A team of researchers from the Institut Fresnel at the National Center for Scientific Research (CNRS), located at Aix Marseille Université (Marseille, France), has developed a fast, molecular-scale Raman imaging technique that could let scientists view dynamics of biological processes involved in neurodegenerative diseases such as Alzheimer's disease and multiple sclerosis (MS).
The method reveals a sample's chemical makeup as well as the orientation of molecules making up that sample—information that can be used to understand how molecules are behaving. What's more, it acquires this information in seconds, meaning it will be possible to watch disease progression in living animal models at the molecular level. With further development, the technique might also be used to detect early signs of neurodegenerative diseases in humans.
The researchers, led by Sophie Brasselet, call their technique high-speed polarization-resolved coherent Raman scattering imaging. They used artificial lipid membranes to demonstrate the technique's capabilities for enhancing neurological research.
The artificial membranes used in the study are made of packed layers of lipids that are similar to those found in the myelin sheath that covers axons to help electrical impulses move quickly and efficiently. When diseases such as Alzheimer's and MS progress, these lipids start to disorganize and the lipid layers lose their adhesion. This ultimately causes the myelin sheath to detach from the axon and leads to malfunctioning neural signals.

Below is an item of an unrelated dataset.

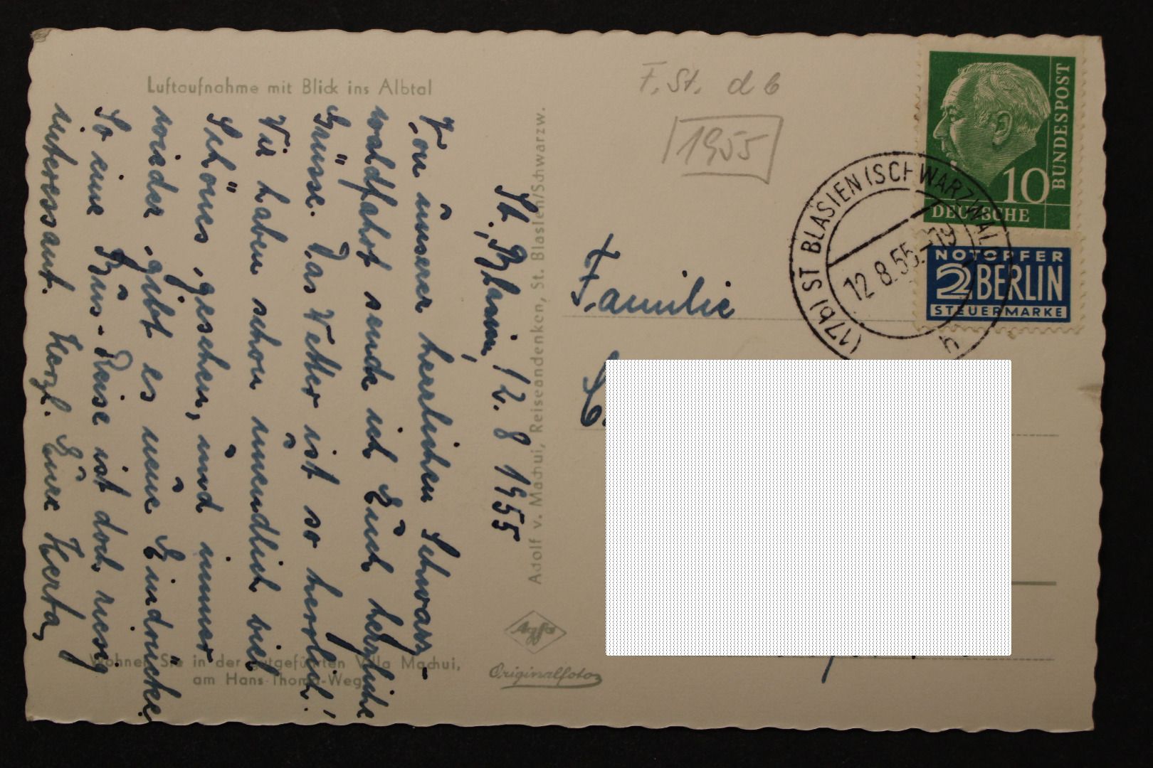Karte gelaufen, etwas bestoßen, leicht fleckig

"We designed a technique able to image molecular organization in cells and tissues that can ultimately let us see the early stage of this detachment and how lipids are organized within this myelin sheath," Brasselet says. "This could help us understand the progression of diseases by identifying the stage at which lipids start disorganizing, for example, and what molecular changes are occurring during this time. This could allow new targeted drug treatments that work differently than those used now."
The new technique developed by Brasselet and her research team makes use of a nonlinear effect called coherent Raman scattering that occurs when light interacts with molecules. The frequency, or wavelength, of the nonlinear signal provides the chemical makeup of a sample based on its molecular vibrations, without the need to add any additional fluorescent labels or chemicals.

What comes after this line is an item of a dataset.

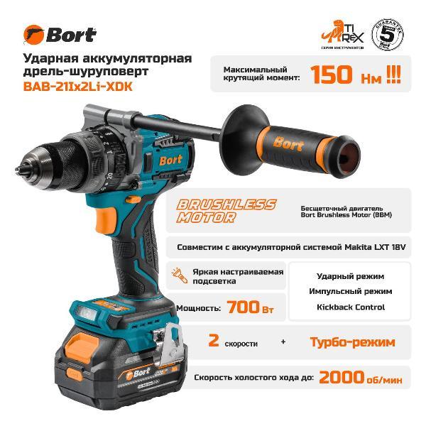 Вы можете купить Шуруповерт аккумуляторный Bort BAB-21Ix2Li-XDK (2x4Ач+ЗУ) в магазинах М.Видео по доступной цене. Шуруповерт аккумуляторный Bort BAB-21Ix2Li-XDK (2x4Ач+ЗУ): подробное описание, фото и отзывы реальных покупателей, характеристики, возможность скачать инструкции и подобрать аксессуары.

The researchers built on an existing approach called stimulated Raman scattering imaging, which enhances the Raman signal by modulating the laser light’s intensity, or power. To obtain molecular orientation information from the coherent Raman signal, the researchers used an electro-optical device called a Pockels cell to quickly modulate the laser’s polarization rather than its intensity.
"We took the concept of intensity modulation used for stimulated Raman scattering and transposed it to polarization modulation using an off-the-shelf device," Brasselet says. "The signal detection for our technique is very similar to what is done with stimulated Raman scattering, except that instead of detecting only the intensity of the light, we detect polarization information that tells us if molecules are highly oriented or totally disorganized."

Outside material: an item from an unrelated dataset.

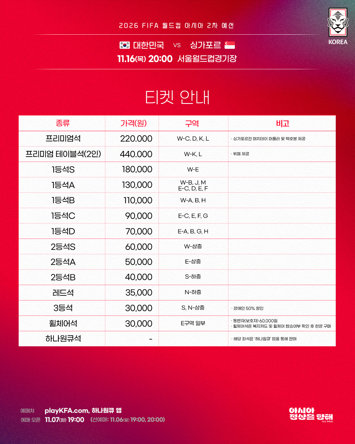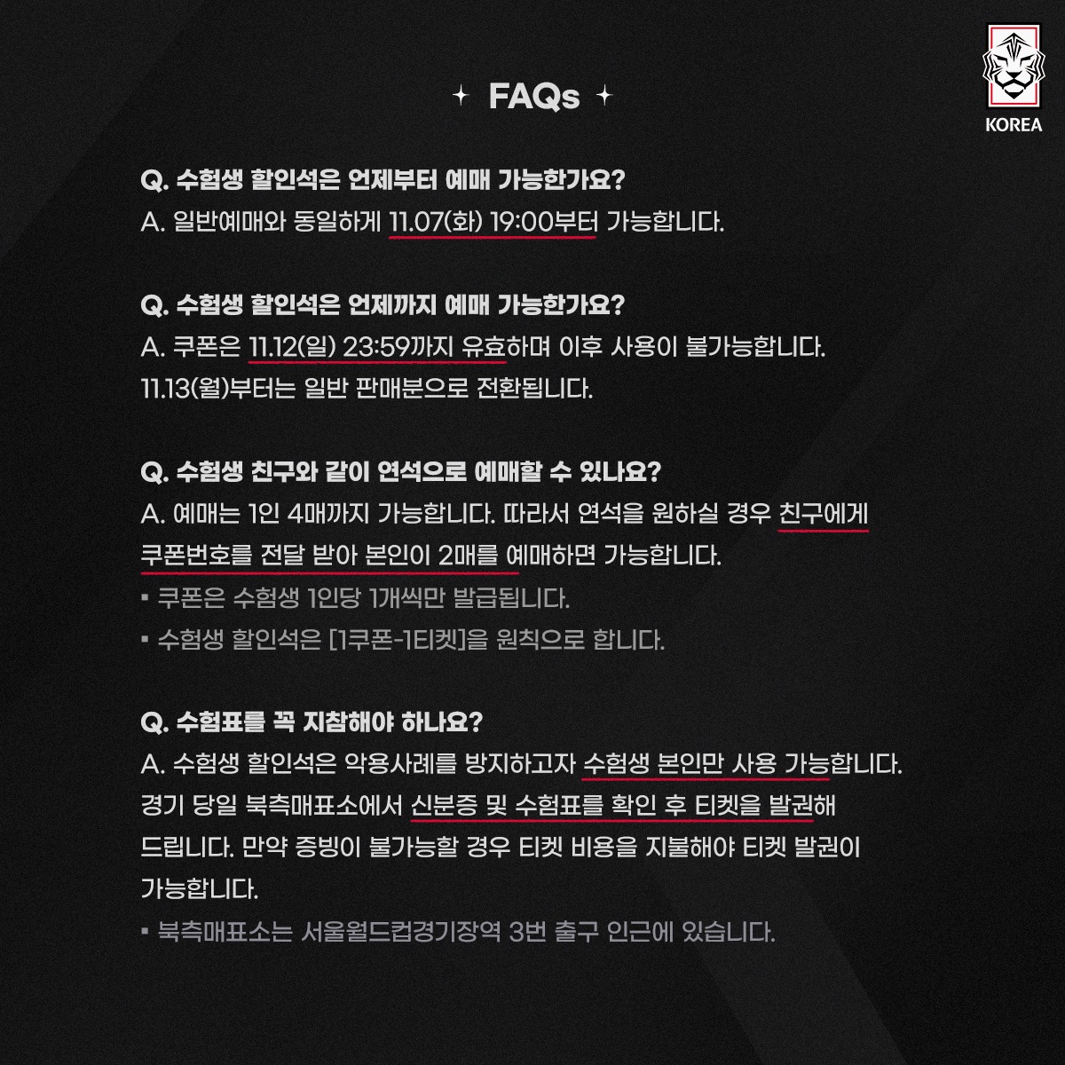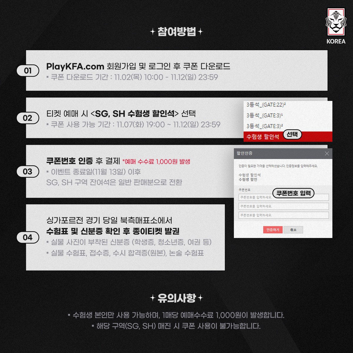 2024학년도 수능 응원 이벤트! 싱가포르전 무료 티켓 제공!

The key, however, is to acquire orientation information fast enough to capture highly dynamic biological processes on a molecular level. Previous methods were slow because they acquired an image, then the polarization information, and then repeated the process to capture changes over time. By modulating the laser polarization very fast, the researchers could take measurements pixel by pixel, in real time.
With the new approach, it takes <1 s to acquire lipid orientation information in a large image that contains several cells. This information is then used to construct a sequence of "lipid order" images that shows molecular orientation dynamics at subsecond time scales.
The researchers showed that their technique could reveal deformation and lipid organization in artificial lipid membranes resembling the packed membranes of myelin. The technique was even sensitive enough to measure the organization of lipids around red blood cells, which have only a single lipid membrane.
"Even though we only demonstrated the technique with model membranes and single cells, this technique is translatable to biological tissue," Brasselet says. "It will show us how molecules behave, information that is not available from the micron-scale morphological images taken with traditional microscopy techniques."
Brasselet said that the new technique could be used in the near future to better understand progression in diseases that involve a breakdown of the myelin sheath, such as Alzheimer's disease and MS. For example, it could be used to image neurons in living mice by combining the Raman scattering technique with existing methods in which tiny windows are implanted in the brains and spinal cords of laboratory animals.
"Ultimately, we would like to develop coherent Raman imaging so that it could be used in the body to detect diseases in their early stages," Brasselet says. "To do this, the technique would have to be adapted to work with endoscopes or other tools in development that allow light-based imaging inside the body."
Full details of the work appear in the journal Optica.